Oh yes, I'd say that's the issue for sure then. I wish I had a precise answer about the "curing" time -but I don't. I will take a guess and say it's at least 2-3 hours and possibly as much as 24. This is a purely uneducated guess on my part based on a few small things I know about how aluminum is tempered.  It just so happens that when I encounter these situations, I tend to do the work over several days and rarely ever does a part go from weld into a machine on the same day.


If I weren't in the office right now, I'd look it up. Perhaps you can do some research too...


Ray




churchjw said:


> I think that is the problem. I water cooled the parts then put them on the lathe. Less than a minute between welding and machining. So for future reference let that parts air cool then machine. How long is a good idea to wait?
> 
> Jeff


----------



## Grumpy Gator (Jul 17, 2013)

I didn't see any mention of cutting lube when you made your cut. Al can be real sticky to machine.
I have used WD-40 or wax and gotten good results.
Also start with a lite cut till you get past all the hills and valleys. Al does not like an interupted {Hit and Miss} cut as it will want grab and tear.
I water cool DOM tube all the time. If I weld cast I just set it in front of a fan till I can pick it up barehanded.
Hope this helps.
***********Just Saying*******************G**********uch:


----------



## sniggler (Jul 17, 2013)

How did the weld look? Also 6061 retain only about 20% of its original strength in weld zone the heat effected zone with be soft and won't be very forgiving when machined. 5053 as a filler metal is a little harder. If the weld went in well the part should still polish up ok with some possible color variation at the weld. As for post weld pre-machining heat treatment the info is out there.

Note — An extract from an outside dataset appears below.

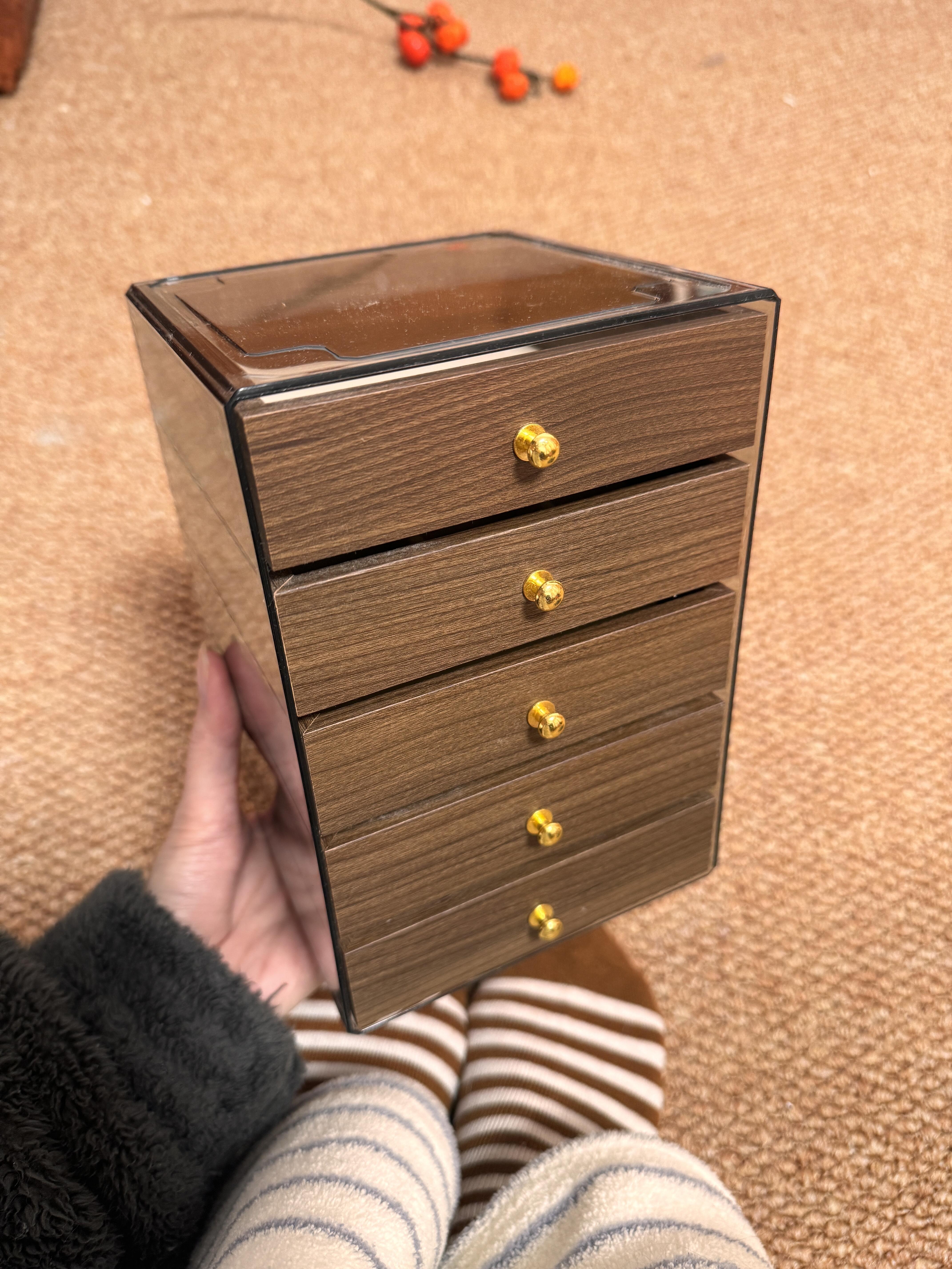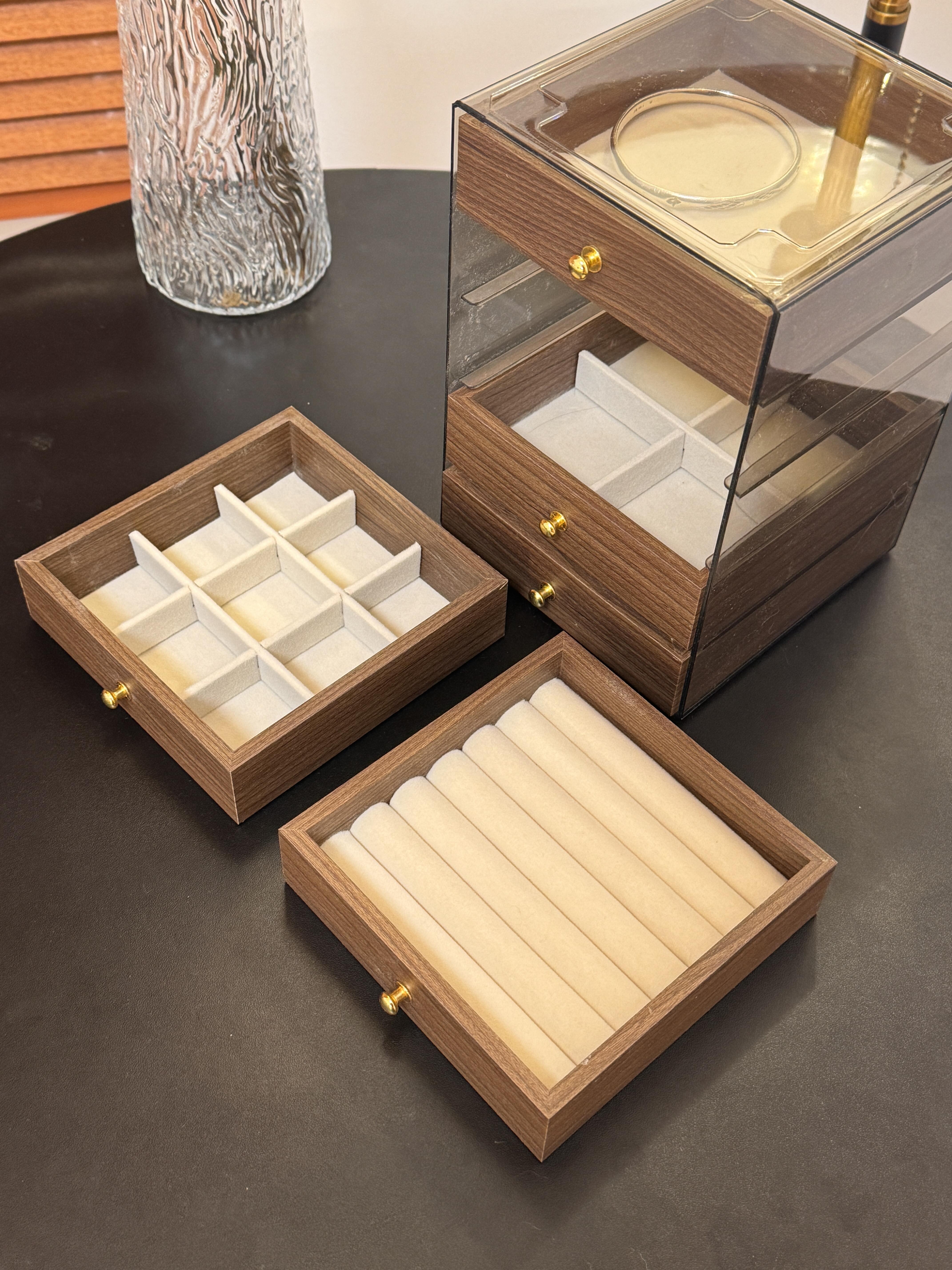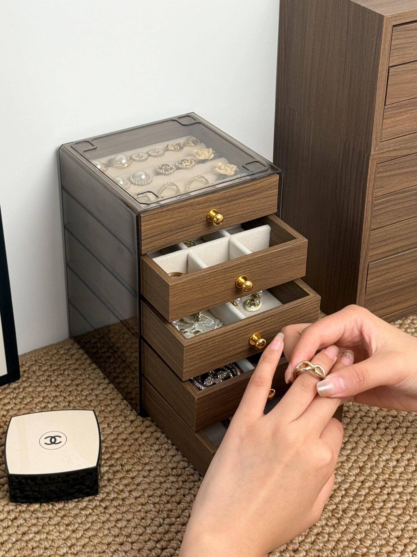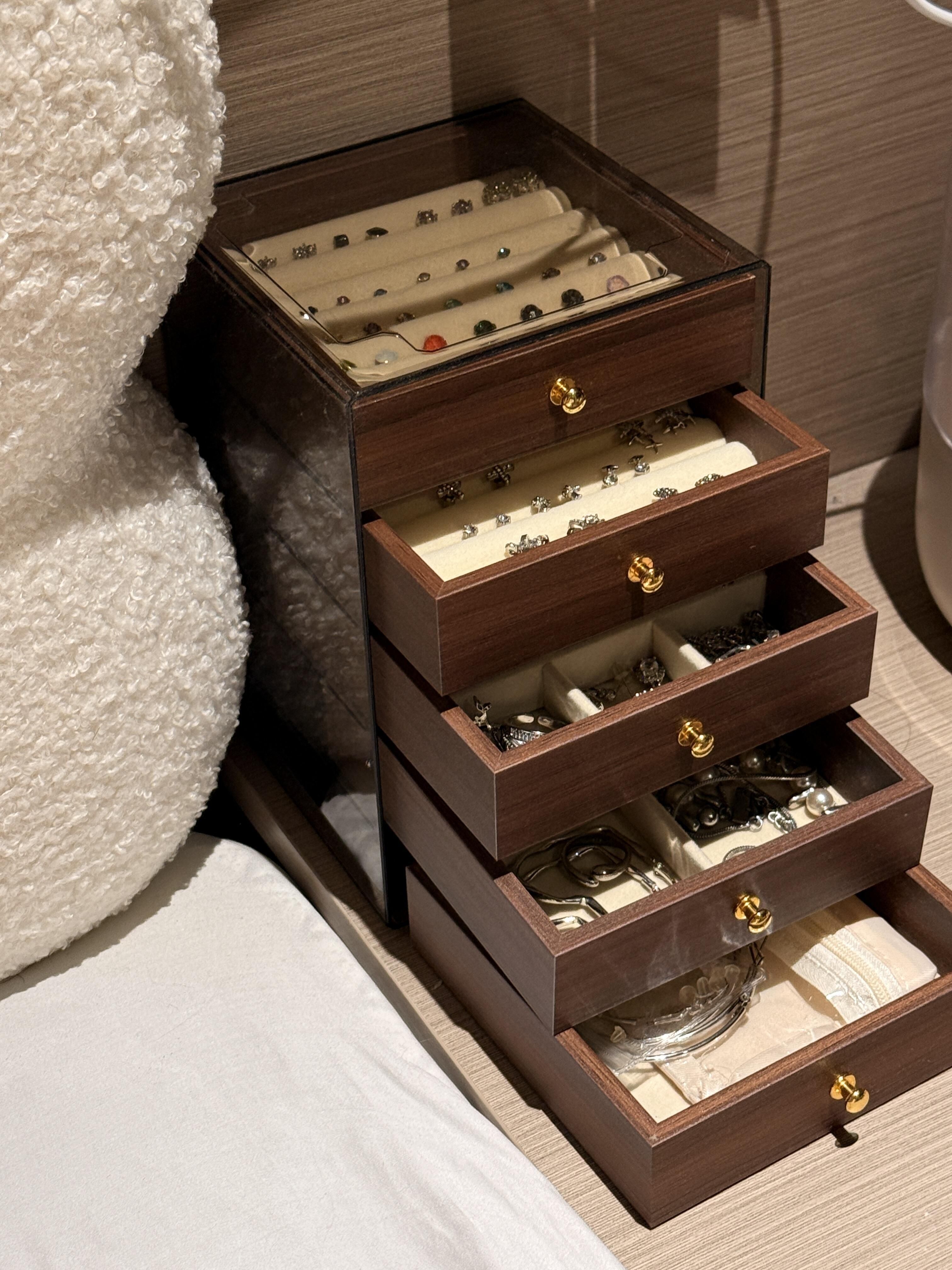 仅售💰39!出口韩国订单❗️【MuseMate胡桃木纹五层首饰收纳盒】 ✅小巧不占地方,足足5层大容量💎项链、手链、耳钉、耳环、戒指..通通帮你收纳整齐

The post weld strength needs to be considered against the final application.  


Bob


----------



## Ray C (Jul 17, 2013)

FWIW...  I do a fair amount of TIG aluminum welding of "structural" pieces and not as much for pieces that will be machined later on.  Most of it is 6061-T651.  Immediately after a joint weld both the weld and heat affected zone are very soft for about 15 minutes after the weld.  About an hour later, the weld becomes very hard and the surrounding area hardens-up just a bit.  After several days to a week, the surrounding area also hardens and returns to about its same condition prior to welding.  This is hardly scientific but, I've seen this dozens of times.

I also machine a good bit of non-welded aluminum.  Once you make a fresh cut, it looks beautiful but, is very fragile and will scratch just by handling it or rubbing with a soft cloth.  Within hours, the surface almost seems to get very slight wrinkle marks.  This is the beginning of the aluminum aging/oxidizing process.  After several days to weeks, it eventually gets a gray dull finish and returns to a much harder state.

There are several types of treatments for aluminum and it's specified by the last digits.  In the example above the T651 means Tempered and stretch relieved.  Although I don't do this to the things I make, tempering is done by heating to about 80% of it's melting temperature then slow cooled followed by heating to 50% the melting temperature, holding for 24 hours, followed by a quench.

The point is, if you need to weld and machine a piece, there's a few heat treating/tempering steps that should be done.  On the stuff I've welded and machined, it was mostly "cosmetic" parts and I've had good luck with welding, waiting for it to cool completely then machining.  Purely by chance, it's usually a day or so after welding that I get around to machining.

In the matter of steel, I regularly do welding and machining and this is one of the reasons I setup a heat treating oven as, there are techniques and procedures to follow -beyond the scope of this thread.  So far though, I've have very good success working on welded steel ranging from low carbon to high carbon as well as 4140 and 4145.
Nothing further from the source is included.